La voz en la cabeza de Eri era Peonia, lo sabía, la había tenido toda la noche diciéndole qué hacer, eso la aliviaba, cuando tenía miedo, saber que alguien tenía un plan era reconfortante, aunque fuera esencialmente un caballo mágico. La voz era dulce, sonaba como la de una mujer joven, pero usaba el tono de la señora Reina, le había explicado muchas cosas de las que solo entendía un poquito, una de las que no entendía era la lanza, ¿De dónde había salido? ¿Por qué estaba escondida dentro de ella? Y sobre todo, ¿Cómo se usa una lanza? Papá la entrenaba con la espada solamente, las poses no parecían efectivas con un arma así.

—”No te preocupes princesa dragón, úsala solo para protegerte”

¿Acaso Peonia podía oír sus pensamientos?

—Peonia —le dijo, su voz un hilo débil por el miedo —¿Qué va a pasar?
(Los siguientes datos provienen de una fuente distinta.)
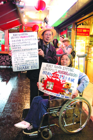 10月25日是悉尼北葉坪滅門慘案百日祭。在瓢潑大雨籠罩下的華埠德信街牌樓附近,林暋的母親朱鳳琴坐在輪椅上,右腳綁縛石膏板,高聲向過路人呼喚,希望關注林家的悲慘遭遇。

La voz del unicornio no volvió a sonar en la cabeza de Eri, mientras corrían en espiral por un camino invisible por el cielo de Pellegrin, pudo ver que el fuego seguía extendiéndose, escuchó una o dos explosiones, en varios puntos luces que solo podían provenir de magia eran seguidas de poderosos rugidos de agonía, Mamá y su maestro estaban luchando.

También escuchaba las voces de los dragones, entendía, algunos suplicaban por su vida, otros lanzaban amenazas, ninguno quería luchar, ninguno quería morir.

Pero era demasiado tarde, se había hecho ya demasiado daño.

Eri comenzó a sentir hambre, se acercaba a donde sucedía la verdadera pelea, resplandecía como una estrella, sabía que llamaría la atención.

Un descomunal dragón rojo dominaba el cielo, su figura fina no le restaba a su imponente presencia, se movía de una forma muy particular, tanto que Eri reconoció en él a la reina Clessa. La vio volar velozmente en círculos, enfrascada en lance contra un dragón que se parecía a la señora Mera, pero incluso más grande. Se lanzaban mordiscos y coletazos, sangre humeante les salía de largas heridas a ambos.

La señora Mera y Papá hacían equipo contra un monstruoso dragón verde rechoncho que se movía despacio, pero su fuego parecía estar por todas partes, por más que trataban de sorprenderlo o distraerlo no conseguían alcanzarlo. Eri tiró las riendas de Peonia para indicarle que ahí quería ir. Papá y Saltarín volaban frenéticos evitando las llamaradas, sin los escudos de Mamá estaban en peligro. Papá ni siquiera había podido ponerse la armadura por salir a buscarla en la noche, un clavito de culpa se le clavó en el corazón cuando Mamá se lo dijo.

Eri inhaló fuerte y espoleó a su montura tan suavemente como pudo, corrieron derechas al dragón verde. Cuando las vio, el monstruo dirigió su fuego hacia ellas, dejando inadvertidamente que Eri lo consumiera mientras la maestra en su forma de dragón aprovechaba la distracción para aferrarse al cuello del príncipe con un terrible mordisco.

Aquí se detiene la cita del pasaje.